**DATA PROVIDED**.

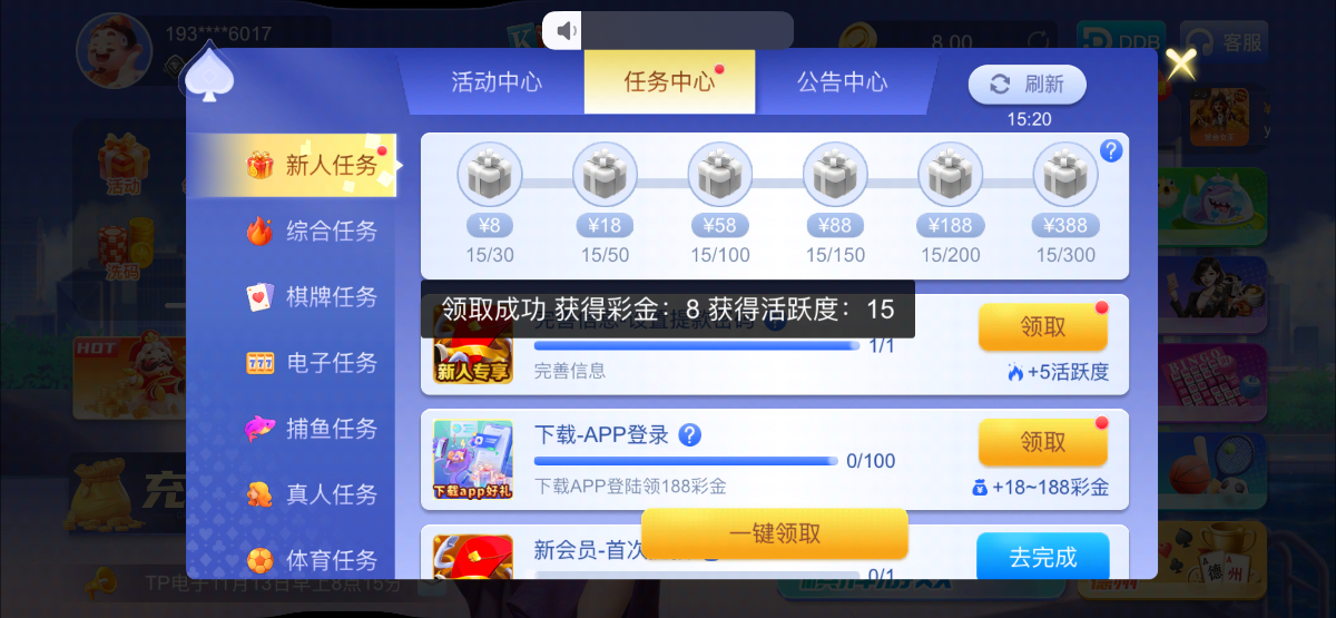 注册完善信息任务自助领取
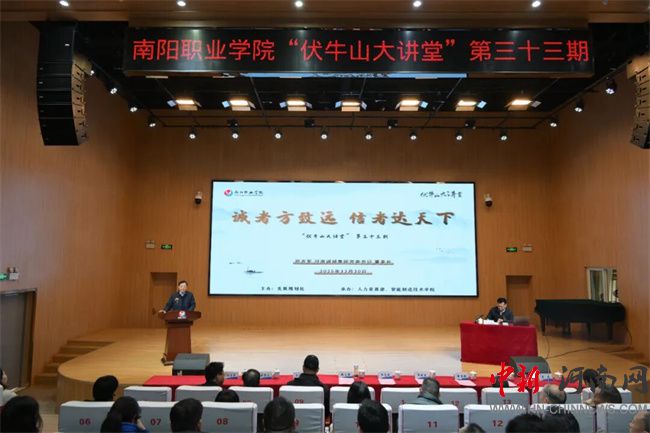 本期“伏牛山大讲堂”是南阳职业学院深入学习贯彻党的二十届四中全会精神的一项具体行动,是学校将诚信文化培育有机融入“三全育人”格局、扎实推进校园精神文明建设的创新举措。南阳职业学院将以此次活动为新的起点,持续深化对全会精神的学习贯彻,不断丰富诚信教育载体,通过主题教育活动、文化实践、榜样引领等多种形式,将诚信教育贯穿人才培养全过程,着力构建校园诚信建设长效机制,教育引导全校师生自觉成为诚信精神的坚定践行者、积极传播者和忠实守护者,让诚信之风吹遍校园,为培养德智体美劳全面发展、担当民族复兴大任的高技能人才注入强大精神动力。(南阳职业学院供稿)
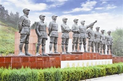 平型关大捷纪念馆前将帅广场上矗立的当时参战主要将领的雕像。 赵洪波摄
==
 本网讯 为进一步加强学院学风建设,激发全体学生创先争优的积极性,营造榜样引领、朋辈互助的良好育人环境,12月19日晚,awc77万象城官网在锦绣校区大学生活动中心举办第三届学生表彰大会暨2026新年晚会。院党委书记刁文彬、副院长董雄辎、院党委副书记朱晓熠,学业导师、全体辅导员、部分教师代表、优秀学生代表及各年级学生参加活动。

**EXERCISE PROMPT**. Everything between and including the line above containing "注册完善信息任务自助领取" and the line containing "平型关大捷纪念馆前将帅广场上矗立的当时参战主要将领的雕像。 赵洪波摄" should be reproduced exactly, with pictures excluded.

**REPLY**.
 注册完善信息任务自助领取
 本期“伏牛山大讲堂”是南阳职业学院深入学习贯彻党的二十届四中全会精神的一项具体行动,是学校将诚信文化培育有机融入“三全育人”格局、扎实推进校园精神文明建设的创新举措。南阳职业学院将以此次活动为新的起点,持续深化对全会精神的学习贯彻,不断丰富诚信教育载体,通过主题教育活动、文化实践、榜样引领等多种形式,将诚信教育贯穿人才培养全过程,着力构建校园诚信建设长效机制,教育引导全校师生自觉成为诚信精神的坚定践行者、积极传播者和忠实守护者,让诚信之风吹遍校园,为培养德智体美劳全面发展、担当民族复兴大任的高技能人才注入强大精神动力。(南阳职业学院供稿)
 平型关大捷纪念馆前将帅广场上矗立的当时参战主要将领的雕像。 赵洪波摄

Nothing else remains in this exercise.